Changes 2. Please see discussion and limitations section amended.

 

  1. The sample size is also concerning. If all consecutive patients admitted from August 2015 to August 2017 (i.e., over a two-year period) were included, then why were so few patients—only 100—meeting the fairly standard inclusion criteria? Clarification is needed.

Reply 3. Thank you for this question, we are glad to clarify. We included 100 consecutive patients with STEMI who received clopidogrel as a P2Y12 inhibitor. In our centre, there are around 250-300 MI cases yearly, one-third of them are STEMI cases.

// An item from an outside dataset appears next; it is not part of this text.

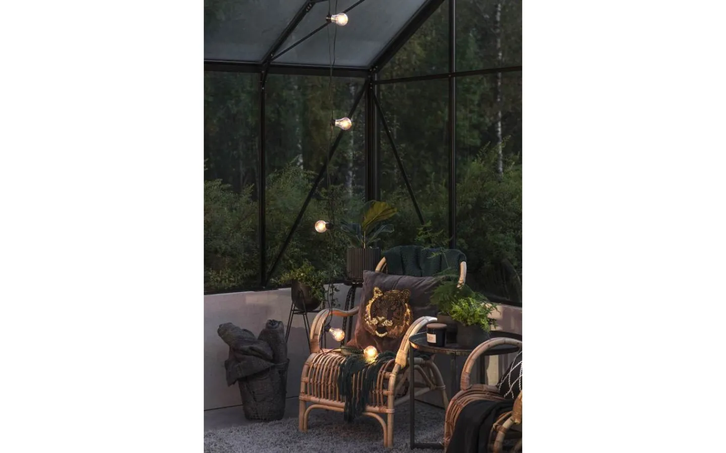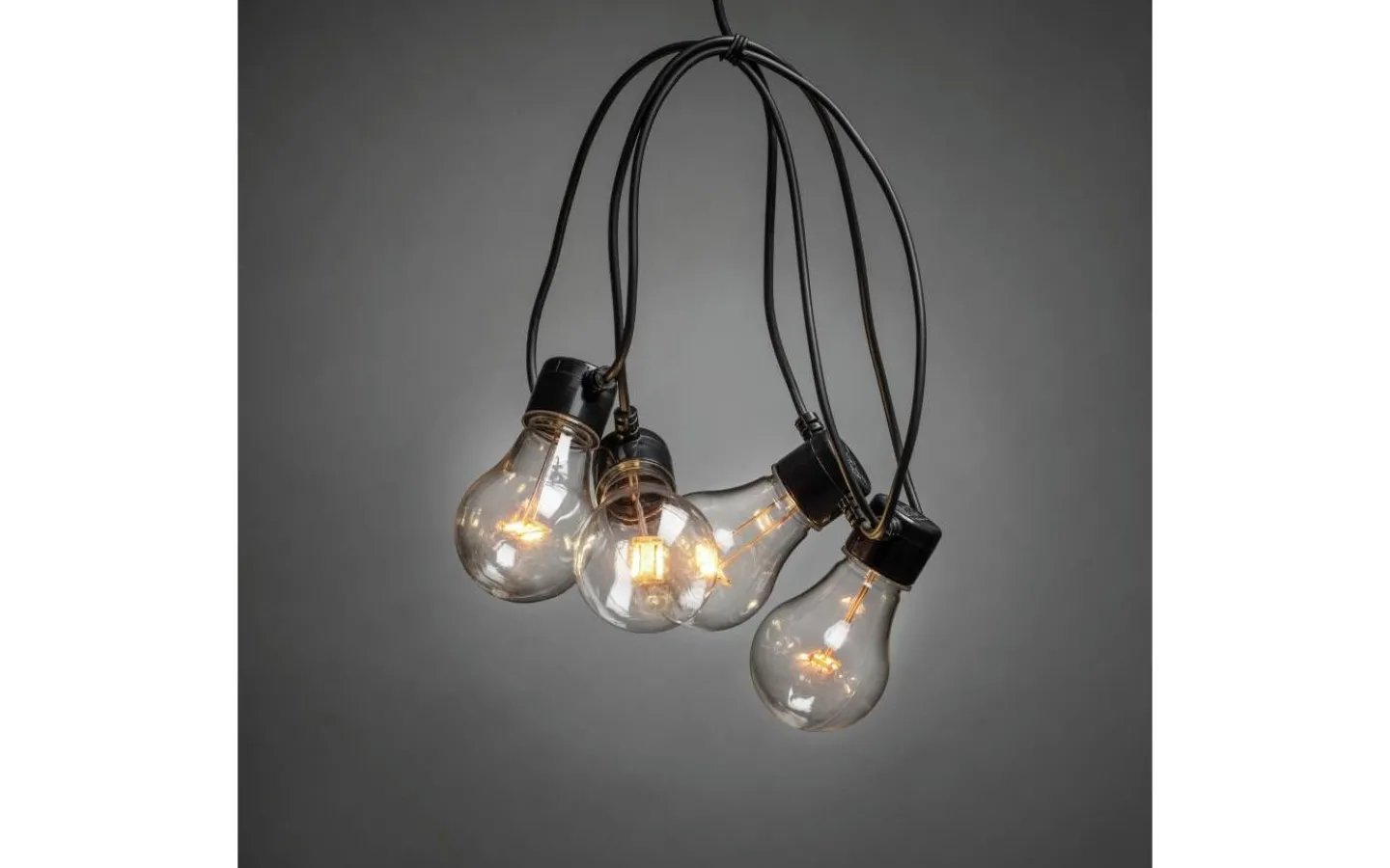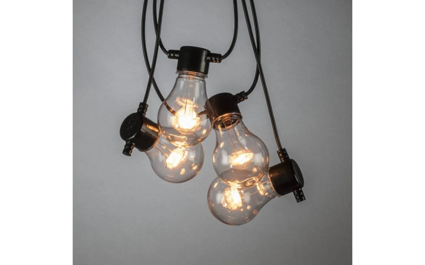 Skapa magiska stunder i trädgården, på uteplatsen eller balkongen med denna stilrena partyslinga. Den sprider ett varmt, inbjudande sken som sätter stämningen för både vardagskvällar och festliga tillfällen. Ljusslingan är tålig och väderbeständig, designad för att klara utomhusmiljöer året runt.

The slowdown in patient recruitment, particularly during the second year, was primarily due to the change in the ESC guidelines in 2017, which introduced the use of more potent antiplatelet agents instead of clopidogrel. This partially reduced the number of patients who had not received a loading dose of these agents prior to enrollment. It should also be noted that, according to the exclusion criteria, patients in cardiogenic shock and those with atrioventricular or intraventricular conduction abnormalities on baseline ECG were not enrolled, further limiting the number of eligible candidates.

Changes 3. Please see limitations section revised.

 

Regarding the "Results" section:

  1. What was the basis for selecting the no-reflow criteria? Was this the authors' own model? If not, a referent to the original source of these criteria is required. I must note that I fully agree with the authors' chosen criteria, but I am unsure of their universal applicability. It would have been better if the authors had clearly articulated the no-reflow criteria in the "Materials and Methods."

Reply 1.  We would like to thank the Reviewer for this valuable comment. When designing the methodology of this study and defining the criteria for impaired tissue reperfusion, our aim was to identify a simple and practical approach capable of assessing both early and late mechanisms of microvascular reperfusion injury following myocardial infarction. Based on existing literature, we decided to combine an angiographic scale with an electrocardiographic one. Similar combinations of assessment scales have been proposed in previously published studies [1,2].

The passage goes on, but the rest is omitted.